# HongKong police arrested 21 Uber Drivers



## Rynax (Dec 29, 2016)

http://mobile.reuters.com/article/idUSKBN18J0GG

well, Uber was legal in mainland China, however they cant compete with DiDi due to how shit they treat their Drivers and riders. So they sold the business to DiDi. Looks like they will lose HongKong. They already lost in TaiWan


----------



## george manousaridis (Jan 27, 2017)

Rynax said:


> http://mobile.reuters.com/article/idUSKBN18J0GG
> 
> well, Uber was legal in mainland China, however they cant compete with DiDi due to how shit they treat their Drivers and riders. So they sold the business to DiDi. Looks like they will lose HongKong. They already lost in TaiWan


well done,very interesting on that i will look at it.Cheers for the thread.


----------



## Bob Job (May 22, 2017)

I cringed when I read Uber's response to this. Suddenly they are using the word 'ridesharing' because it suits their narrative.
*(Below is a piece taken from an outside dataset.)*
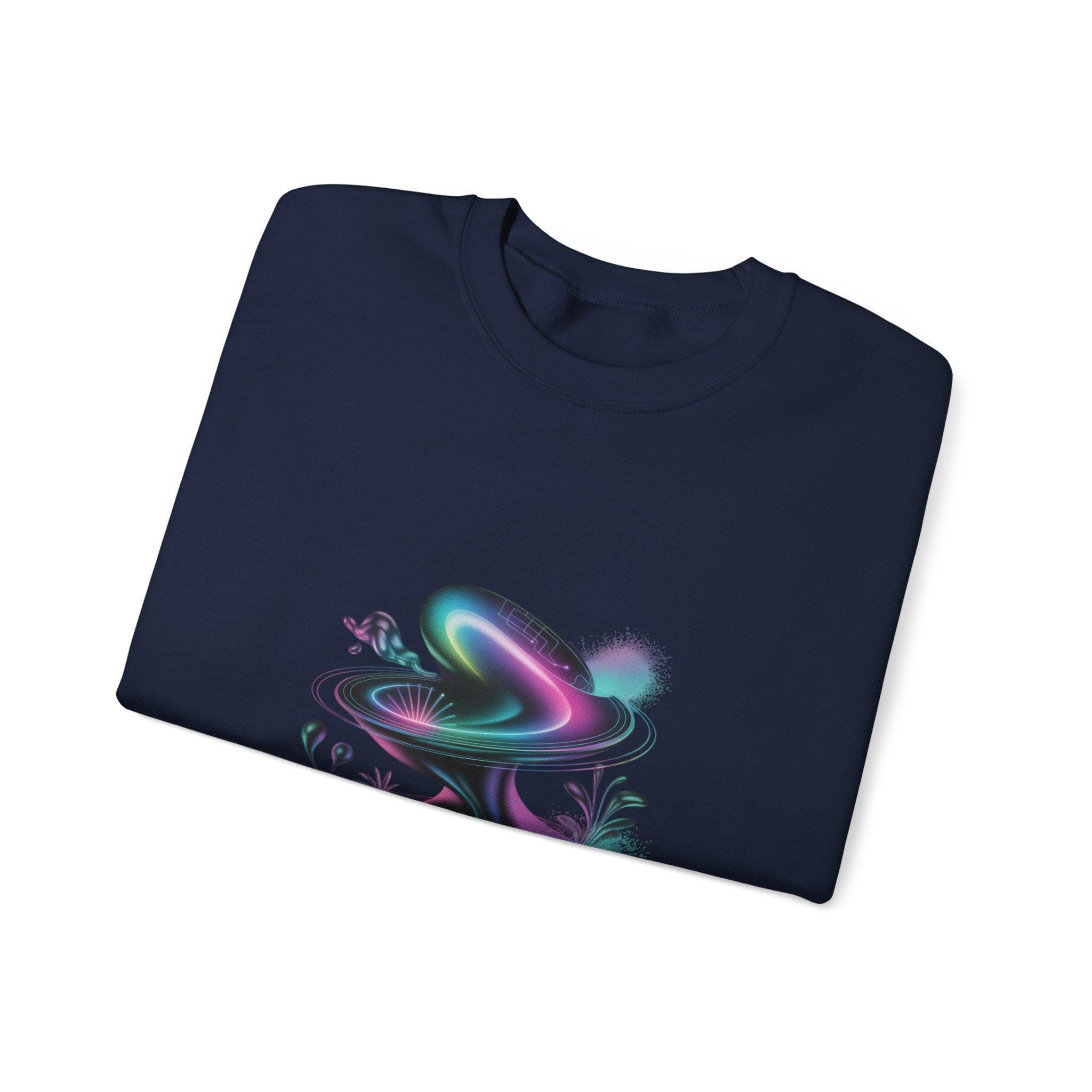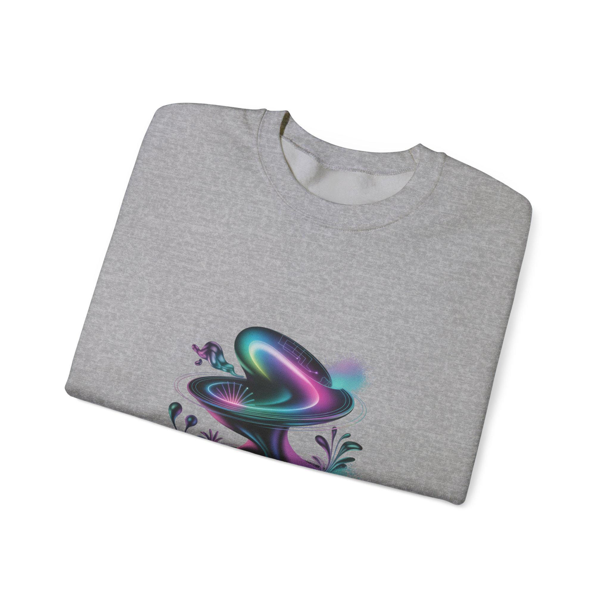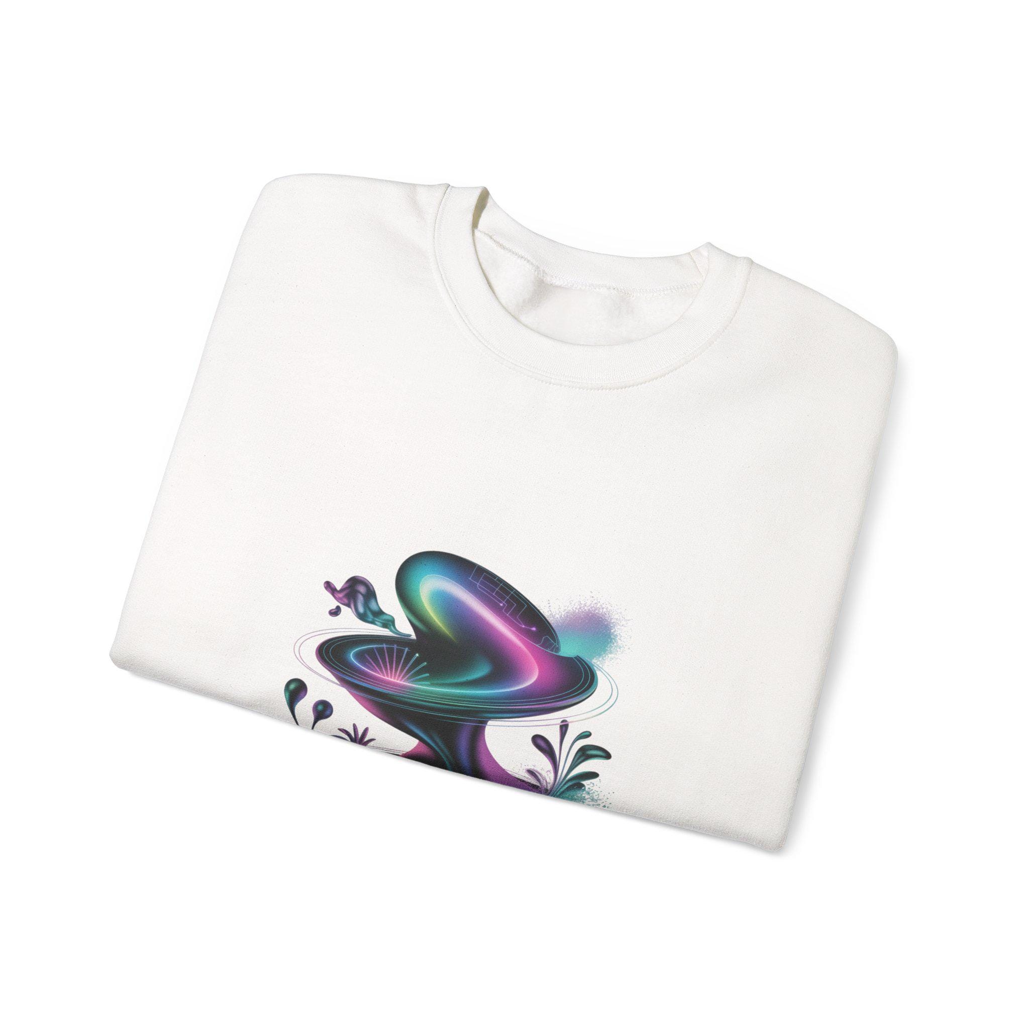 A cozy crewneck sweatshirt featuring a surreal, iridescent dreamscape print in neon-leaning gradients. The artwork pairs fluid, otherworldly forms with minimal, sleek typography to reflect the AI art & dreamscape trend—a wearable visual study in futuristic, exploratory aesthetics. Lightweight-yet-structured knit and soft fleece make it suitable for everyday layering while letting the graphic remain the focal point for digital-art and sci-fi–leaning wardrobes.

We all know Uber cannot possibly be rude sharing because drivers don't see the destination.

Secondly they make it seem as though they supported drivers in the first place which they don't. 

"We stand together with the twenty-one driver partners and their families, and will continue to provide assistance, including legal support, during this difficult time," the spokesman said.

Uber said it has a ridesharing insurance policy of up to HK$100 million per trip for riders and third-parties, which complies with local laws including Hong Kong's insurance regulations.

"Ridesharing should not be a crime. Hong Kong is an international city known for its embrace of global economic trends and new technologies, but current transportation regulations have failed to keep up with innovation," Uber said in an emailed statement."


----------